[Start of section]
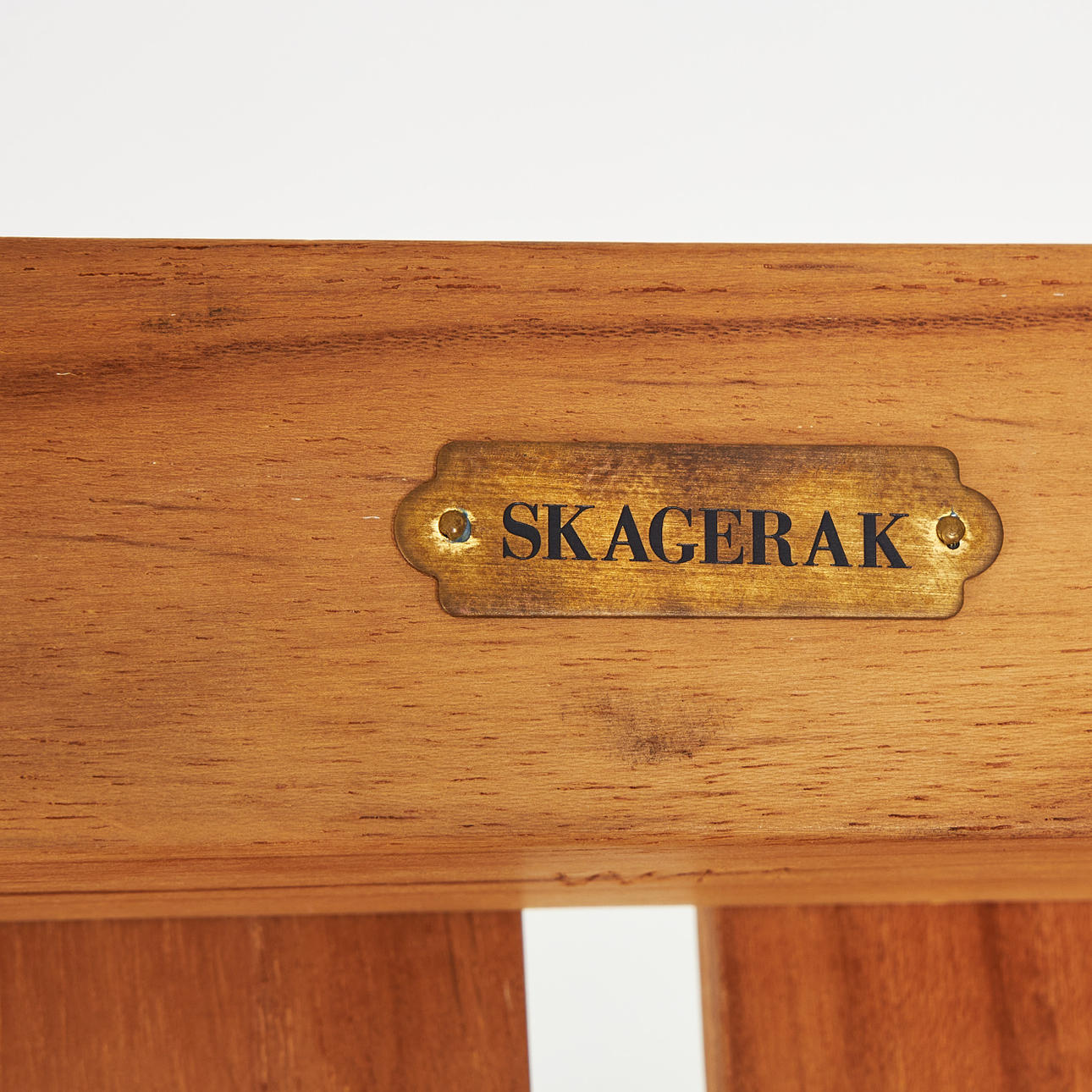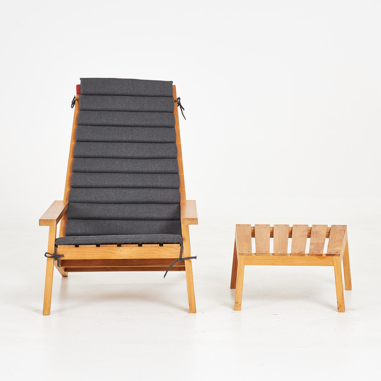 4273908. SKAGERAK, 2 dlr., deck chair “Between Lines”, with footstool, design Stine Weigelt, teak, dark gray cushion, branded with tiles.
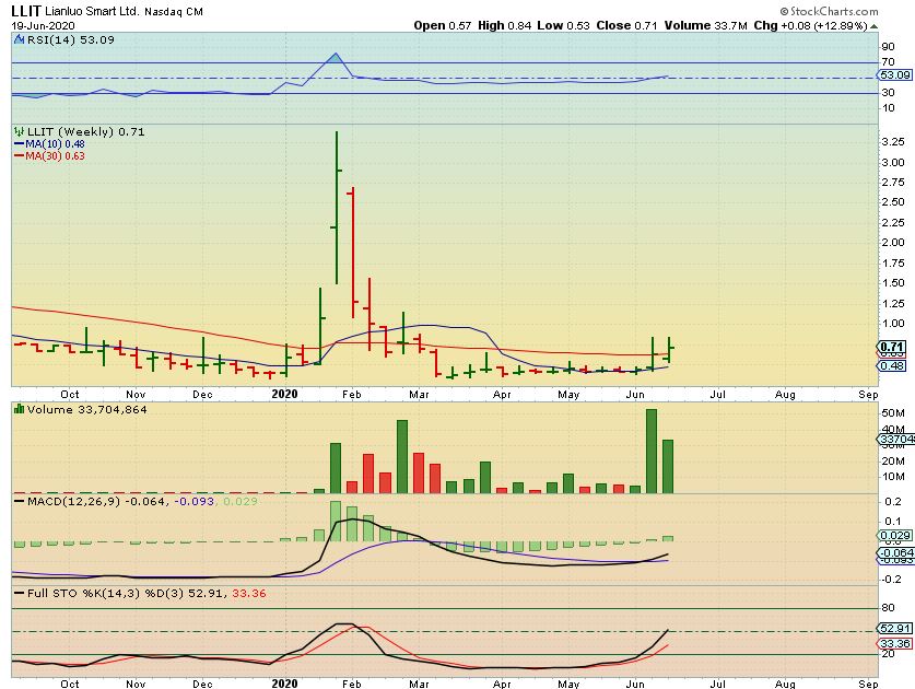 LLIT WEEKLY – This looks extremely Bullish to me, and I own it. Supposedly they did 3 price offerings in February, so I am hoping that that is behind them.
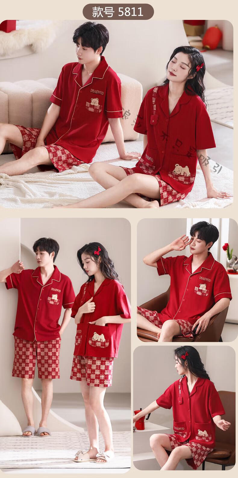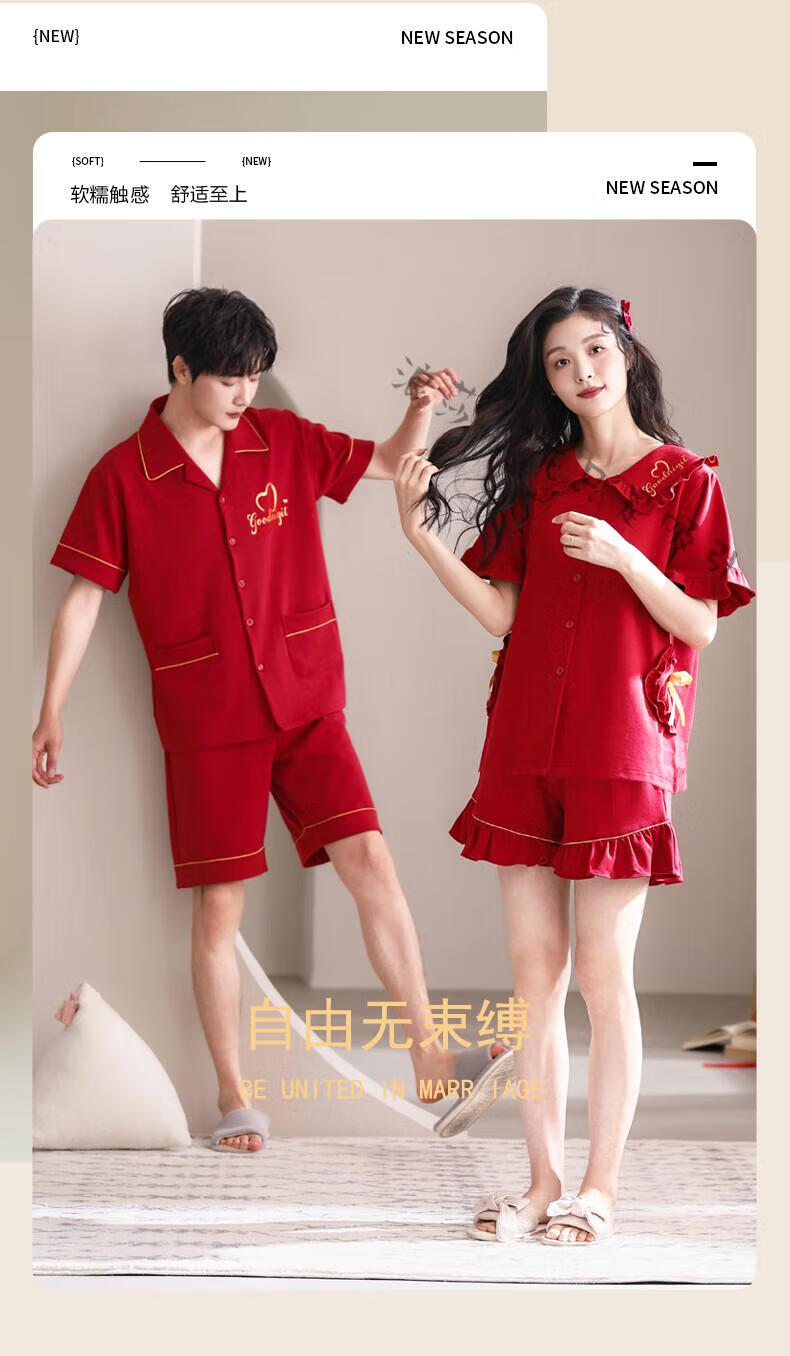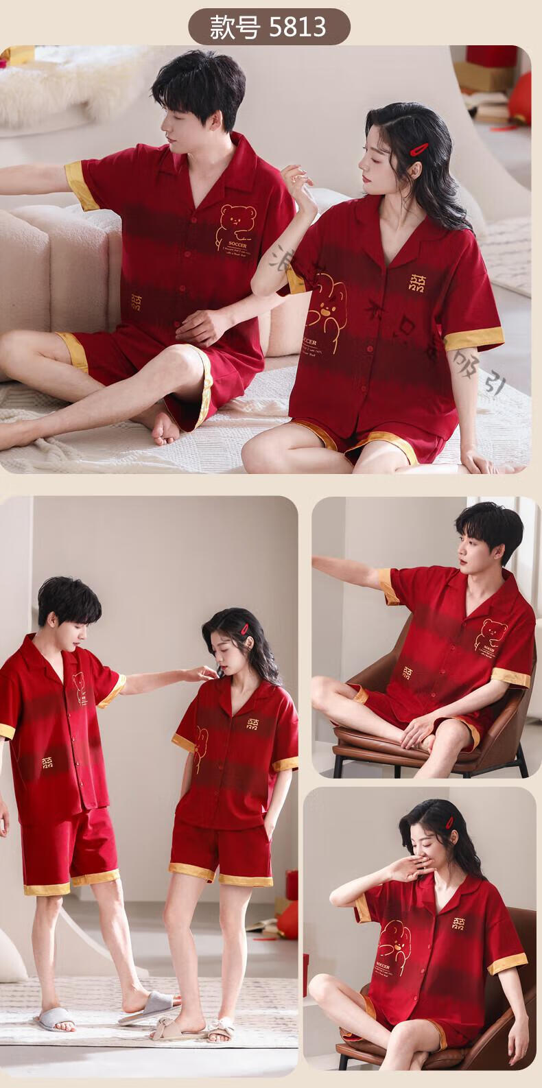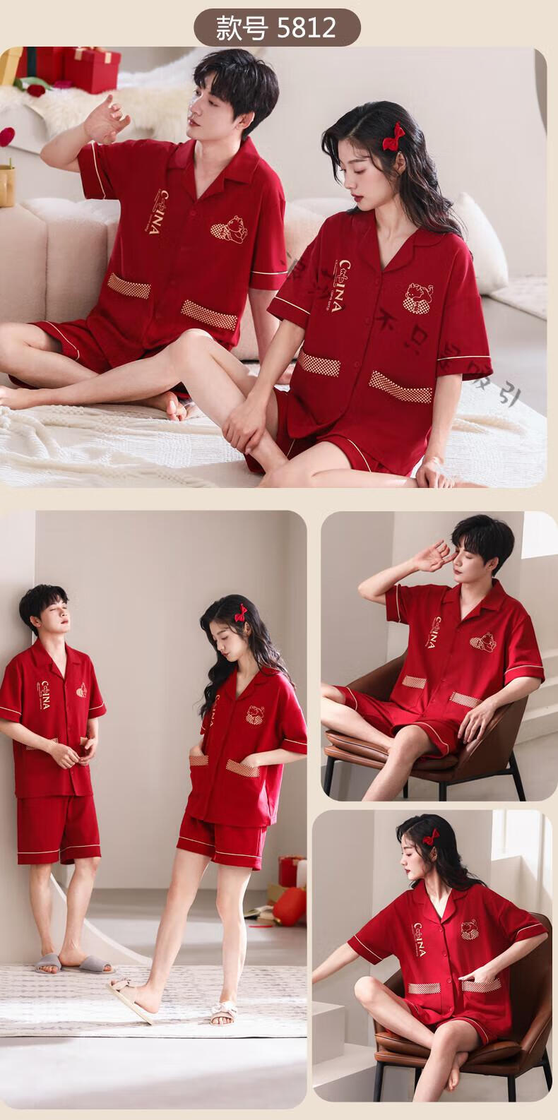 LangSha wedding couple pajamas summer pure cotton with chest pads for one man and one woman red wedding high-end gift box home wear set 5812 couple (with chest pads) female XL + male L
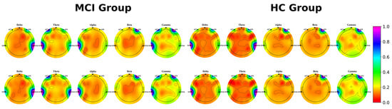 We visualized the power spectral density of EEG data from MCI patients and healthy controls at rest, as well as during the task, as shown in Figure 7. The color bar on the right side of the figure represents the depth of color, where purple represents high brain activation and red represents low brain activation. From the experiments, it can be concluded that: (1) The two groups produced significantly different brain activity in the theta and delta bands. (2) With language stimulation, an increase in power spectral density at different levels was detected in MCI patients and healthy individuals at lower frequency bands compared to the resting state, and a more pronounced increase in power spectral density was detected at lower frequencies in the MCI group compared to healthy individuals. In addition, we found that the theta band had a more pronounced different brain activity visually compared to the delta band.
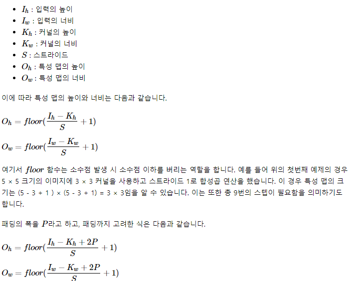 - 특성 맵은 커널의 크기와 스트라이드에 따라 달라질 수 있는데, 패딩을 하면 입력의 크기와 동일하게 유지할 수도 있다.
[End of section]
## [WORK INSTRUCTION]
Write out every line above exactly, minus images.

## [ANSWER TO THE EXERCISE]
 4273908. SKAGERAK, 2 dlr., deck chair “Between Lines”, with footstool, design Stine Weigelt, teak, dark gray cushion, branded with tiles.
 LLIT WEEKLY – This looks extremely Bullish to me, and I own it. Supposedly they did 3 price offerings in February, so I am hoping that that is behind them.
 LangSha wedding couple pajamas summer pure cotton with chest pads for one man and one woman red wedding high-end gift box home wear set 5812 couple (with chest pads) female XL + male L
 We visualized the power spectral density of EEG data from MCI patients and healthy controls at rest, as well as during the task, as shown in Figure 7. The color bar on the right side of the figure represents the depth of color, where purple represents high brain activation and red represents low brain activation. From the experiments, it can be concluded that: (1) The two groups produced significantly different brain activity in the theta and delta bands. (2) With language stimulation, an increase in power spectral density at different levels was detected in MCI patients and healthy individuals at lower frequency bands compared to the resting state, and a more pronounced increase in power spectral density was detected at lower frequencies in the MCI group compared to healthy individuals. In addition, we found that the theta band had a more pronounced different brain activity visually compared to the delta band.
 - 특성 맵은 커널의 크기와 스트라이드에 따라 달라질 수 있는데, 패딩을 하면 입력의 크기와 동일하게 유지할 수도 있다.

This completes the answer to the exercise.